= Classical music blog =

Form of Music Blog

Screenshot of The Rest is Noise, a classical music blog by Alex Ross

A classical music blog uses the blogging format to cover classical music issues from a wide range of perspectives, including music lovers, individual performers and ensembles, composers, arts organizations and music critics.

==Overview==
As blogging has become increasingly popular, the blogrolls for classical music (like those for other genres) have grown increasingly long. "And yes, they are read," wrote music critic Anne Midgette in The New York Times. She reported that an anonymous blogger had posted her wedding picture on their blog, and within 24 hours she had heard about it from both a leading music critic and the marketing director of a major orchestra. The young opera singer Anne-Carolyn Bird uses her blog, The Concert, to chronicle the ups and downs of building a career in her profession, but finds it a useful networking tool as well. A fellow Tanglewood Music Center alumnus, composer Judd Greenstein, tracked her down via her blog, which led to her giving a recital in his concert series. By May 2007, her blog was receiving 250 visitors a day, including opera administrators, critics and fellow singers. Writing in The New Yorker, Alex Ross suggested that the growth of classical music blogs (from dozens when he started his own blog in 2004 to hundreds by 2007) could also be a positive force for maintaining and possibly building the audience for classical music. By giving performers and composers a far wider voice than they ever had before, their blogs put a human face on what Ross termed an "alien culture". He went on to write, "If, as people say, the Internet is a paradise for geeks, it would logically work to the benefit of one of the most opulently geeky art forms in history."
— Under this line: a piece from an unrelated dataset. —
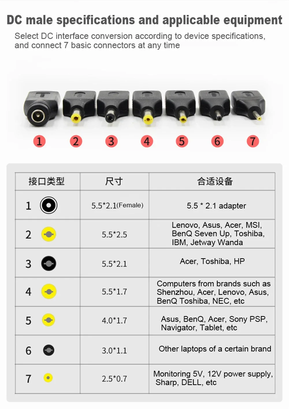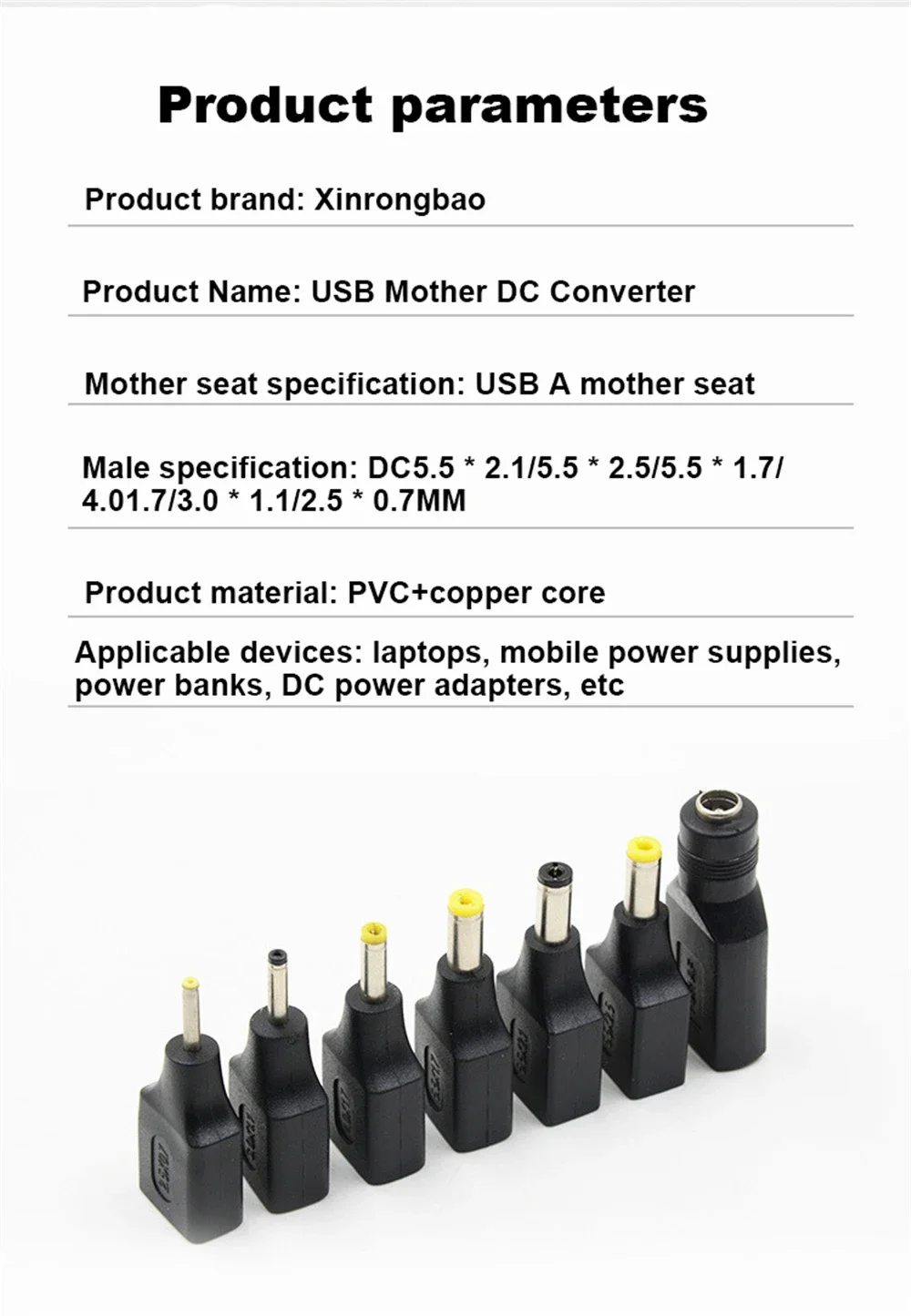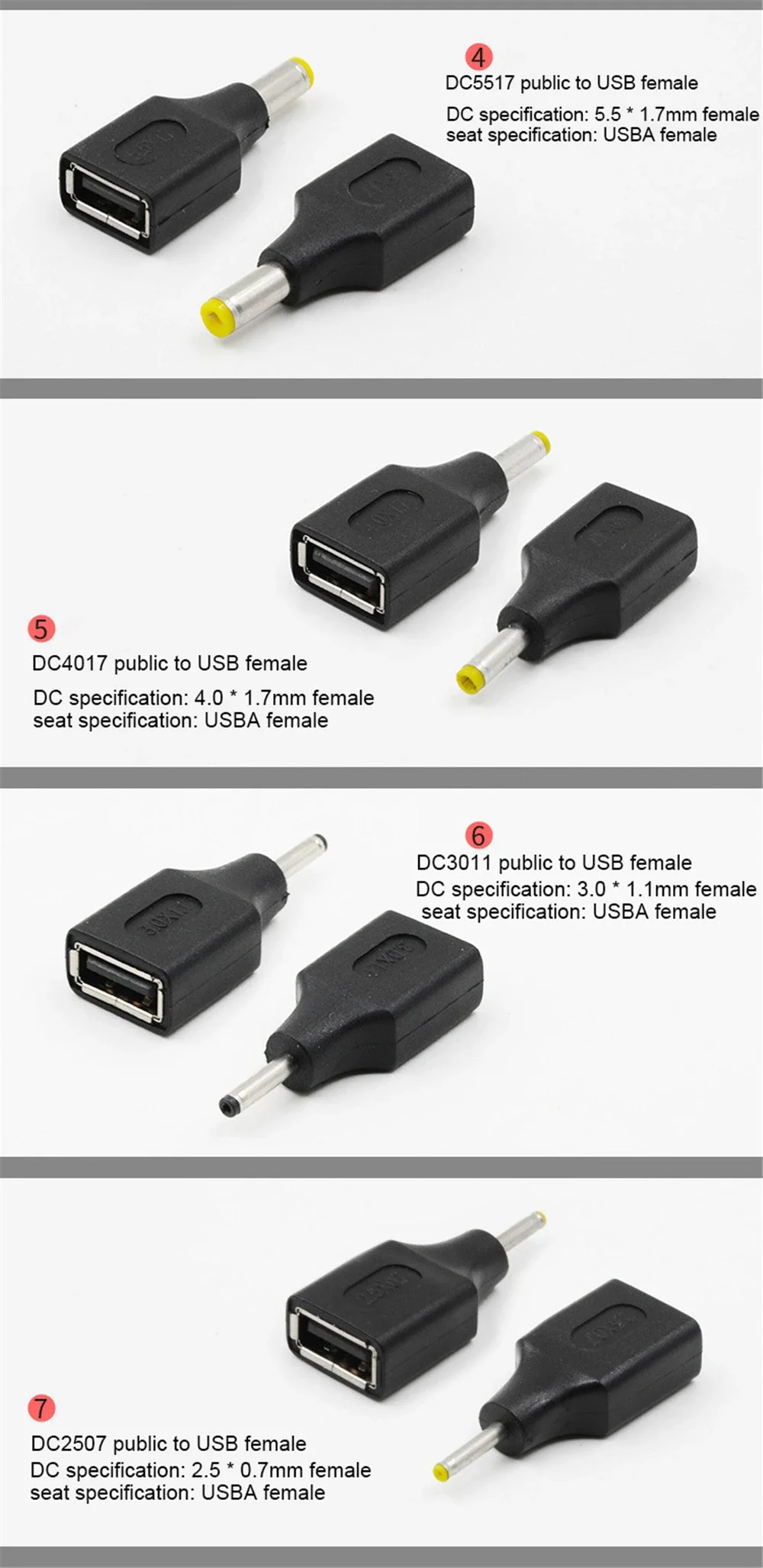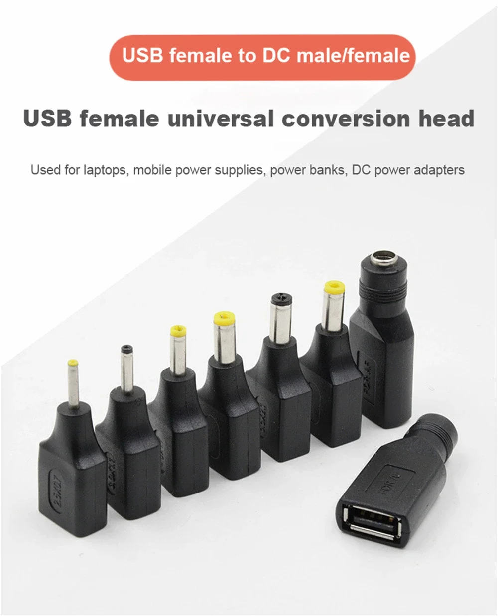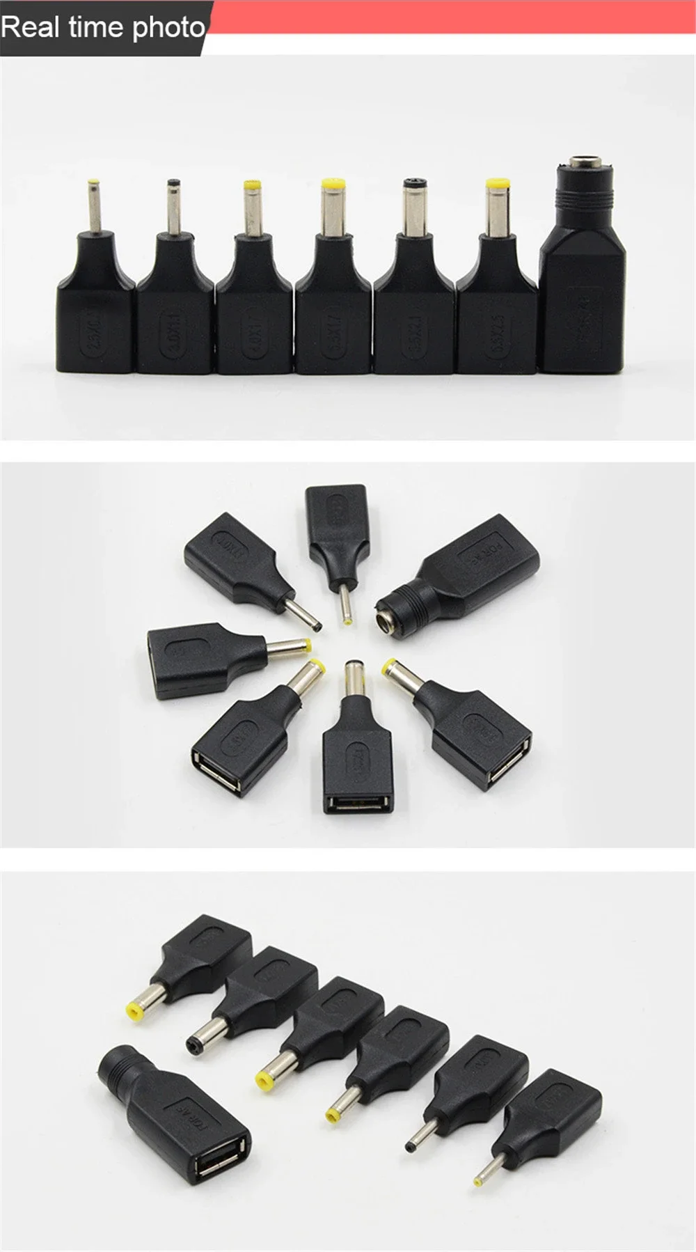 Conector adaptador de corriente para ordenador portátil, enchufe CC USB hembra a macho Universal DC25 * 07/30*11/55*25mm para carga de portátil Lenovo Asus

==Print journalism and blogs==
James Jorden launched Parterre Box, a magazine devoted to opera, in 1993; since 2001 it is purely published as a blog. In November 2006, the British arts journalist and author Norman Lebrecht devoted his weekly column in the Evening Standard to the proliferation of classical music blogs but attacked the accuracy of much of their reporting, describing them as "opinion-rich and info-poor". Still, that did not keep him from concluding that "until bloggers deliver hard facts ... paid for newspapers will continue to set the standard as the only show in town".

Lebrecht launched his own blog, Slipped Disc, soon thereafter. Several professional critics and journalists specializing in classical music had already preceded him with independent blogs in addition to their paid work for the print media. These include Alex Ross, of The New Yorker (The Rest is Noise), Joshua Kosman of the San Francisco Chronicle (On a Pacific Aisle), and Jessica Duchen of The Independent (Jessica Duchen's Classical Music Blog).

In addition to independent blogs by music journalists, print publications and radio stations are increasingly adding classical music blogs to their web sites, allowing their journalists more space to cover stories than would be possible in the print editions or on-air. Examples include Anthony Tommasini's blog at The New York Times, Janelle Gelfand's at The Cincinnati Enquirer, Jens F. Laurson's blog for the Washington, D.C. classical radio station WETA, and Scott Foglesong's blog for the San Francisco Examiner. David and Francisco Salazar publish opera-related news in Opera Wire in collaboration with Dallas Opera.

Despite criticism and caution from the side of some professionals, classical music blogging has become viable because it fills a gap that print journalism has left open. Writing about Ionarts, a classical music blog in Washington, D.C., Marc Fisher of The Washington Post points out that "gradually, as such things happen, word spread about a place where music fans could find serious criticism and coverage of concerts and recitals too small or obscure to capture the attention of the Posts Style section." According to Ionarts blogger, Charles T. Downey, "With the unlimited space of a blog and a more specialized audience, there were things we could cover that the Post wouldn't or couldn't."